### What is expected
Every line of the data below is to be given again as it appears, with the images removed.

### Data provided
________________
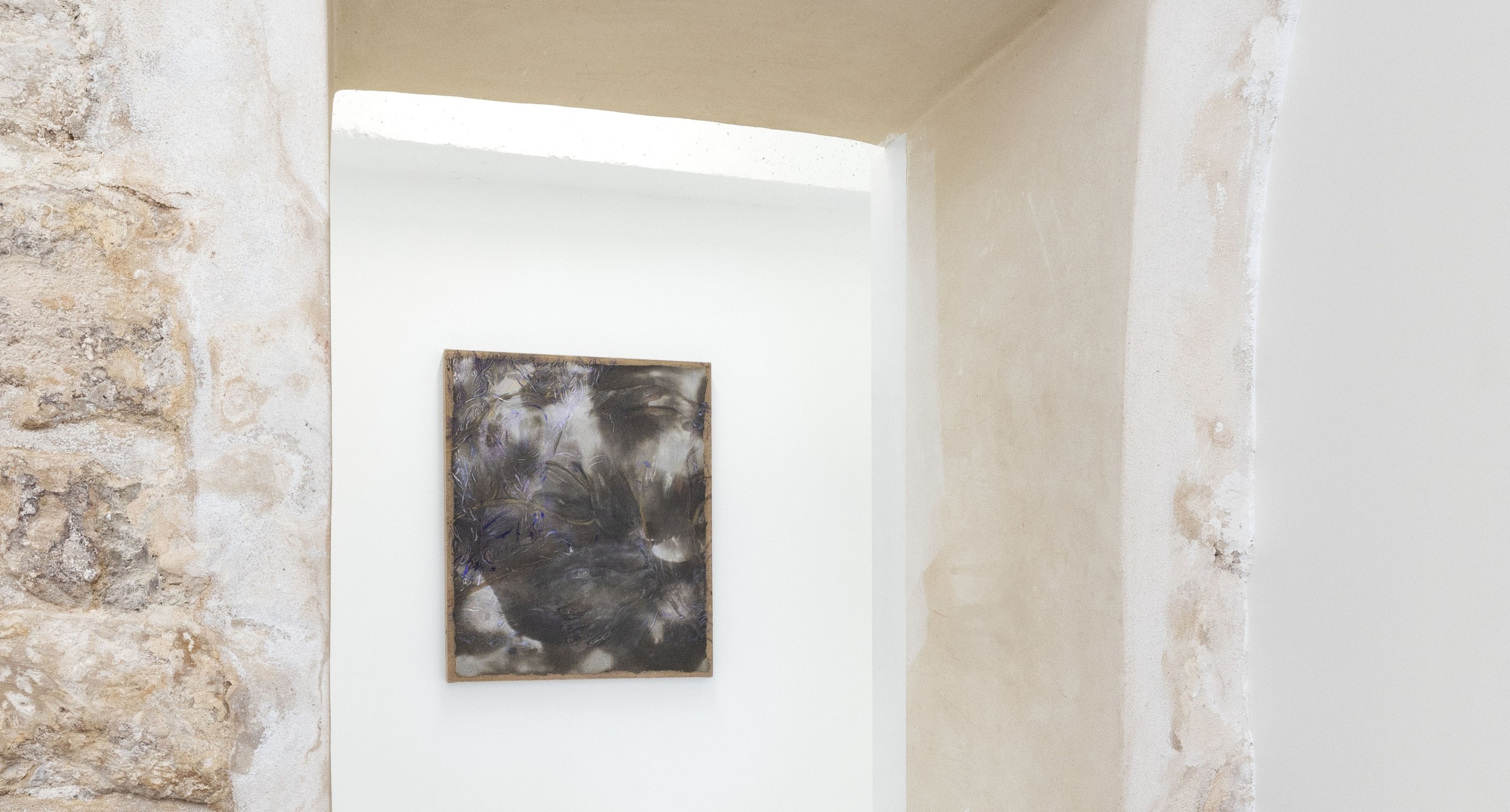 His practice invokes elemental materials, which are present in all his pieces. The artist sources all his materials himself, from the beaches of Naples to the volcanic soils of Lanzarote. He then paints with natural pigments, which he also harvests, to create paintings whose colours come from the earth and return to it through his gesture.
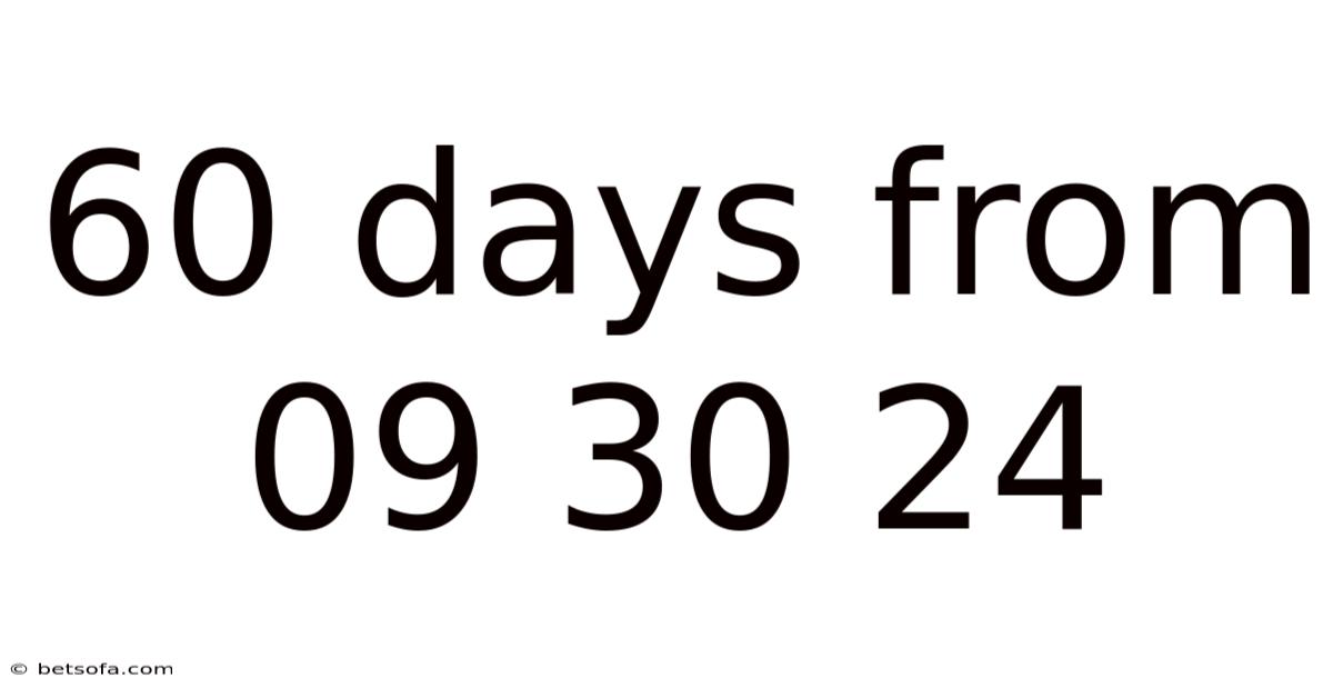 The phrase is a directive to take the calendar date September 30, 2024 (written in the compact “MM DD YY” format as 09 30 24) and advance it by sixty full days. The result is a future date that is exactly two months—or roughly one‑sixth of a year—later, assuming the Gregorian calendar we use today.
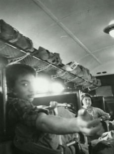 | cパーティ 昨夜.とうとうcパーティはここ集中地に来なかった。 3時半を過ぎても現れないので.雨池まで捜査にだしたが気配なし。 夕食後.2回目の捜査を出した時.日吉さんに引き連れられ山田が伝令にきた。 全員無事との事でファイヤー後.cパーティの事情及び状況を聞く。 小屋場で径に迷い.昨夜漸く夏沢にでる。今日は中山峠経由で渋ノ湯へ下る等を知る。 双子池〜蓼科山〜親湯 ![]() 蓼科山頂 元気な一年がいる.中央は大塚君5月21日晴.双子池7:35一9:20小:30一10:30蓼科山11:05一12:15小:29一13:15親湯一13:25プール平14:41. 諏訪バス\130+50=15:18茅野:22.\580=20:50新宿. 蓼科山 最終日蓼科山越えをする。撤収が遅れた為.出発からダッシュ.man to manで双子山を越える。 1年大塚がズーと遅れたが如何にか林に追い着き.一緒に蓼科山に立つ。 山頂には満尾のとぼけた顔があり.大塚.関根のやつれた顔。そして2年の何だと言わんばかりの顔が揃えていた。 頂で昼食後,まだバスがスト解除されていないことを知り.2年2人を交渉にだす。 一昨日.松原湖で知らされたストが本日決行されている。その下調べのため工藤.赤嶺を先に降した。 そして万が一の場合.トラックをチャーターするよう指図した。 後に付く.私と西村先輩下山 man to manで力量によりバラバラになった隊は一層激しく点々と離され親湯へ下る。 僕は最後から落伍者を1人々拾って行く。 もう随分下で「ガンバレ!」「最後だ!」「後に負けるな!」と怒鳴る掛け声が聞こえてくる。 大塚が腰を打ち.プール平まで付き切りになった。さぁ.僕等も頑張ろう。 親湯では女子パーティが我々を待ち迎えてくていた。バス停のプール平までもう直ぐだ。 ![]() ストは解除となる。 cパーティは茅野駅に着いていなかった。念の為.三浦.和田に駅に残ってもらい.先に帰京する。 結局.cパーティは後から急行に乗った為.我々の列車を追い越し.新宿駅ホームに無事集結した。 cパーティ 上槻ノ木からのルートは初日に夏沢までのルートを確定できず.さ迷った末.2日目を迎えた。 その為.迂回し麦草を経由.渋ノ湯で下山している。 偵察として最も必要と思われたコースを外してしまった。 後で分かるもdパーティの冷山,丸山コースは現在廃道化されていた。迂回し麦草峠を経由する。 今回は女子のみ慎重の上にも慎重を気したが不届きが出てしまった。実際.各コースを事前に踏破する事もなかった。 cパーティ新人養成合宿報告.(小屋場一夏沢一双子池) L田沼.sL山田.m西沢.親崎.日吉.竹永 5月19日. 5:45茅野6:01=6:28上槻ノ木:30一7:00朝食:35一8:30小:45一9:50小10:05一10:57昼食11:40 一12:55小13:20一13:28Ts. バスを降りると広い車道が続いていた。天気は良い。少し行って朝食をとり,7時35分出発。 いやな車道が続く。やがて左へ入る道があり.静かな平坦な道を行く。 道が3本あり右へルートをとり30分も行くと行き止まりとなる。 少し戻る。左に細かいかなりハッキリした道があり.そこに入る。 藪をこぎ尾根に出てから,再び藪をこいたところ.尾根を1本間違え峰の松目の下あたりへ出てしまった。 が,新人の疲労を考え,沢もあるのでテントをはった。 5月20日. Ts4:2515:25小:3516:00分岐:30一7:20小:30一8:30小:42一9:45小:55 一10:55昼食13:00一13:30オーレン小屋Ts, 3時起床.4時25分出発。いったん下まで下り夏沢へ。車をチャーターして入るつもりで飛ばす。 6時に昨日の最初の分岐に着き.4年生に下まで降りてもらい僕達は歩き出す。 しばらくして直ぐ4年生が追い着く。チャーターはだめなようだ。 3本道を左へ入り沢に沿って進む。今日も天気は良く新人もよくがんばっているが.そろそろ疲れが出てきたようだ。 10時半に夏沢鉱泉を過ぎる。そこから少し登ったところで昼食し.山田と日吉さんに集中地へ伝令に行ってもらう。 これから8時間近く歩いてくれる2人に心から感謝する。そこでゆっくり1時半オーレン小屋でテントをはった。 5月21日, Ts6:0017:00根岩:15一7:35天狗一7: 西天狗8:20一8:40天狗:50一9:50大10:10一11:10高見石12:00 一13:00麦草峠:10一14:50渋ノ湯15:15=16:40茅野17:07急=20:35新宿. 6時Ts発.ミカブリへ突き上げるピークは森の中だった。そこを下ると根岩と天狗が美しい。 3日目でようやくピークを踏めるとあって元気に根岩のピークへ登る。 そこから天狗へ快適な稜線歩き.北.中央しいては南に残雪をかぶり.アルペンムードも楽しめる。 天狗へザックをおき.空身で西天狗をピストン。そこに雪渓が残っていたので遊ぶ。 中山をへて高見石に着いたのが11時10分。昼食にし12時出発。丸山をへて麦草へ下る。 麦草峠は素晴らしい峠であったが.立派な車道ができてしまったのはがっかりだ。 車道を歩き,そこから左へ入り.渋ノ湯へ下る。man to manで新人はしごかれる。バテバテで3時近く渋ノ湯へ。 バスで茅野に着いたら.三浦と和田が待っていてくれた。5時7分の急行で新宿へ。 田沼栄一記 帰りの中央東線の鈍行列車内 |
________________
### Answer to this problem
 His practice invokes elemental materials, which are present in all his pieces. The artist sources all his materials himself, from the beaches of Naples to the volcanic soils of Lanzarote. He then paints with natural pigments, which he also harvests, to create paintings whose colours come from the earth and return to it through his gesture.
 The phrase is a directive to take the calendar date September 30, 2024 (written in the compact “MM DD YY” format as 09 30 24) and advance it by sixty full days. The result is a future date that is exactly two months—or roughly one‑sixth of a year—later, assuming the Gregorian calendar we use today.
 | cパーティ 昨夜.とうとうcパーティはここ集中地に来なかった。 3時半を過ぎても現れないので.雨池まで捜査にだしたが気配なし。 夕食後.2回目の捜査を出した時.日吉さんに引き連れられ山田が伝令にきた。 全員無事との事でファイヤー後.cパーティの事情及び状況を聞く。 小屋場で径に迷い.昨夜漸く夏沢にでる。今日は中山峠経由で渋ノ湯へ下る等を知る。 双子池〜蓼科山〜親湯 ![]() 蓼科山頂 元気な一年がいる.中央は大塚君5月21日晴.双子池7:35一9:20小:30一10:30蓼科山11:05一12:15小:29一13:15親湯一13:25プール平14:41. 諏訪バス\130+50=15:18茅野:22.\580=20:50新宿. 蓼科山 最終日蓼科山越えをする。撤収が遅れた為.出発からダッシュ.man to manで双子山を越える。 1年大塚がズーと遅れたが如何にか林に追い着き.一緒に蓼科山に立つ。 山頂には満尾のとぼけた顔があり.大塚.関根のやつれた顔。そして2年の何だと言わんばかりの顔が揃えていた。 頂で昼食後,まだバスがスト解除されていないことを知り.2年2人を交渉にだす。 一昨日.松原湖で知らされたストが本日決行されている。その下調べのため工藤.赤嶺を先に降した。 そして万が一の場合.トラックをチャーターするよう指図した。 後に付く.私と西村先輩下山 man to manで力量によりバラバラになった隊は一層激しく点々と離され親湯へ下る。 僕は最後から落伍者を1人々拾って行く。 もう随分下で「ガンバレ!」「最後だ!」「後に負けるな!」と怒鳴る掛け声が聞こえてくる。 大塚が腰を打ち.プール平まで付き切りになった。さぁ.僕等も頑張ろう。 親湯では女子パーティが我々を待ち迎えてくていた。バス停のプール平までもう直ぐだ。 ![]() ストは解除となる。 cパーティは茅野駅に着いていなかった。念の為.三浦.和田に駅に残ってもらい.先に帰京する。 結局.cパーティは後から急行に乗った為.我々の列車を追い越し.新宿駅ホームに無事集結した。 cパーティ 上槻ノ木からのルートは初日に夏沢までのルートを確定できず.さ迷った末.2日目を迎えた。 その為.迂回し麦草を経由.渋ノ湯で下山している。 偵察として最も必要と思われたコースを外してしまった。 後で分かるもdパーティの冷山,丸山コースは現在廃道化されていた。迂回し麦草峠を経由する。 今回は女子のみ慎重の上にも慎重を気したが不届きが出てしまった。実際.各コースを事前に踏破する事もなかった。 cパーティ新人養成合宿報告.(小屋場一夏沢一双子池) L田沼.sL山田.m西沢.親崎.日吉.竹永 5月19日. 5:45茅野6:01=6:28上槻ノ木:30一7:00朝食:35一8:30小:45一9:50小10:05一10:57昼食11:40 一12:55小13:20一13:28Ts. バスを降りると広い車道が続いていた。天気は良い。少し行って朝食をとり,7時35分出発。 いやな車道が続く。やがて左へ入る道があり.静かな平坦な道を行く。 道が3本あり右へルートをとり30分も行くと行き止まりとなる。 少し戻る。左に細かいかなりハッキリした道があり.そこに入る。 藪をこぎ尾根に出てから,再び藪をこいたところ.尾根を1本間違え峰の松目の下あたりへ出てしまった。 が,新人の疲労を考え,沢もあるのでテントをはった。 5月20日. Ts4:2515:25小:3516:00分岐:30一7:20小:30一8:30小:42一9:45小:55 一10:55昼食13:00一13:30オーレン小屋Ts, 3時起床.4時25分出発。いったん下まで下り夏沢へ。車をチャーターして入るつもりで飛ばす。 6時に昨日の最初の分岐に着き.4年生に下まで降りてもらい僕達は歩き出す。 しばらくして直ぐ4年生が追い着く。チャーターはだめなようだ。 3本道を左へ入り沢に沿って進む。今日も天気は良く新人もよくがんばっているが.そろそろ疲れが出てきたようだ。 10時半に夏沢鉱泉を過ぎる。そこから少し登ったところで昼食し.山田と日吉さんに集中地へ伝令に行ってもらう。 これから8時間近く歩いてくれる2人に心から感謝する。そこでゆっくり1時半オーレン小屋でテントをはった。 5月21日, Ts6:0017:00根岩:15一7:35天狗一7: 西天狗8:20一8:40天狗:50一9:50大10:10一11:10高見石12:00 一13:00麦草峠:10一14:50渋ノ湯15:15=16:40茅野17:07急=20:35新宿. 6時Ts発.ミカブリへ突き上げるピークは森の中だった。そこを下ると根岩と天狗が美しい。 3日目でようやくピークを踏めるとあって元気に根岩のピークへ登る。 そこから天狗へ快適な稜線歩き.北.中央しいては南に残雪をかぶり.アルペンムードも楽しめる。 天狗へザックをおき.空身で西天狗をピストン。そこに雪渓が残っていたので遊ぶ。 中山をへて高見石に着いたのが11時10分。昼食にし12時出発。丸山をへて麦草へ下る。 麦草峠は素晴らしい峠であったが.立派な車道ができてしまったのはがっかりだ。 車道を歩き,そこから左へ入り.渋ノ湯へ下る。man to manで新人はしごかれる。バテバテで3時近く渋ノ湯へ。 バスで茅野に着いたら.三浦と和田が待っていてくれた。5時7分の急行で新宿へ。 田沼栄一記 帰りの中央東線の鈍行列車内 |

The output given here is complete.